Segundo informações do site Jota, durante o julgamento, Mendonça disse que sabe dos preconceitos existentes no Brasil porque os “segmentos religiosos também sofrem preconceitos”.
Antes mesmo de terminar a frase, Cármen o interrompeu: “Principalmente os de matrizes africanas, não são os evangélicos, não são os católicos. No Brasil, o preconceito é contra as religiões de matrizes africanas”. Mendonça, então, disse que as religiões evangélicas também sofrem preconceito e afirmou que, em sua visão, cabe ao Congresso Nacional editar uma lei nacional instituindo o feriado e não ao município, voltando ao núcleo norteador de seu voto.

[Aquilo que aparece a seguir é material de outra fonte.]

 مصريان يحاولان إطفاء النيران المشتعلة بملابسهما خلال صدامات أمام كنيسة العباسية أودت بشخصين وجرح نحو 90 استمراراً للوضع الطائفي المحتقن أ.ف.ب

O incômodo de Cármen Lúcia às falas de Mendonça começou quando ele expressou sua opinião sobre a igualdade racial no Brasil. “Nós somos um só povo. Uma só raça, uma só nação. Somos todos a raça humana, brasileiros e devemos estar imbuídos desse mesmo propósito de construção de igualdade para todos”, afirmou.
Cármen rebateu o argumento de igualdade proposto. “Vossa excelência foi taxativa ao dizer que nós somos iguais para cumprir a Constituição (com a compreensão que nos fazem plurais), mas que quero registrar que o negro sofre a discriminação de uma forma muito cruel, a mulher é assassinada por ser mulher, e isso tem uma gravidade que não pode ser desconhecida em um sistema democrático plasmado na Constituição brasileira”, afirmou.

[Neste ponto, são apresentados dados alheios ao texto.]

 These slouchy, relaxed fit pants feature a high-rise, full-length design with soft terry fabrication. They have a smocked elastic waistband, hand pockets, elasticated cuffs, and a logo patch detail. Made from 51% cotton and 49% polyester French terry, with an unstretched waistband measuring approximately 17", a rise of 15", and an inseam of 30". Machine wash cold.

Cármen continuou: “Jurisprudências mudam porque se a vida não mudar a escravidão não teria acabado até hoje. ‘Comprei o escravo, paguei, é meu’. ‘Paguei o dote dessa mulher, é minha propriedade’. A mudança faz com que a transformação aconteça no sentido de uma humanização”, disse. “Afirmar que somos iguais e não tomarmos providência não vai nos fazer transformar em um país como o nosso”, complementou.

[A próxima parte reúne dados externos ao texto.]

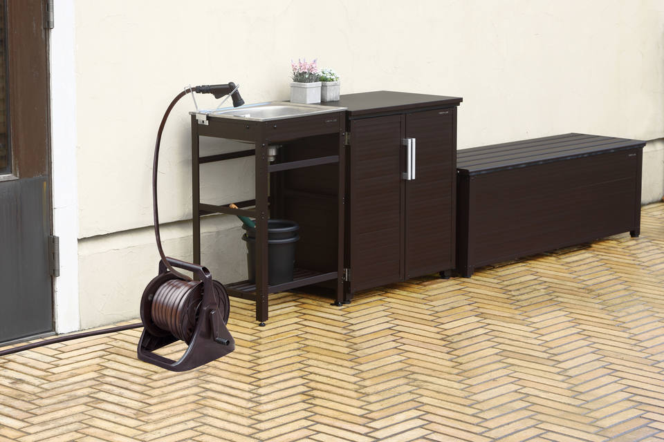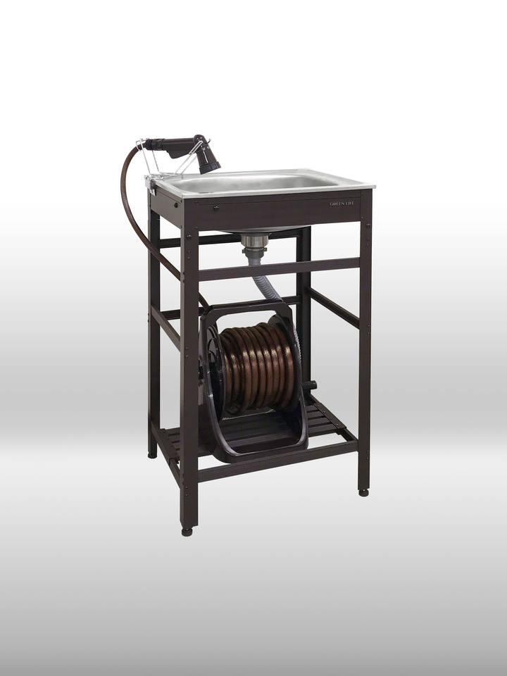 Enrouleur de tuyau en plastique brun clair série G-Aqua facile à assembler Outils de jardinage Buse à motifs d'eau multiples Pulvérisateurs de produits

A ADPF 634 foi ajuizada pela Confederação Nacional dos Trabalhadores Metalúrgicos (CNTM) e solicitou à Corte a confirmação da constitucionalidade da lei municipal de São Paulo que institui o feriado no Dia Nacional da Consciência Negra. A Confederação pede que o Supremo declare a competência municipal para instituir feriados de natureza cívica com “alta significação para os diferentes segmentos étnicos nacionais”. De acordo com a confederação, há diversos entendimentos judiciais sobre a possibilidade do município instituir o feriado, a quem defenda que o feriado tem repercussões na esfera trabalhista e cabe apenas à União legislar sobre o direito do trabalho. Por isso, na visão da confederação, cabe à Corte a uniformização.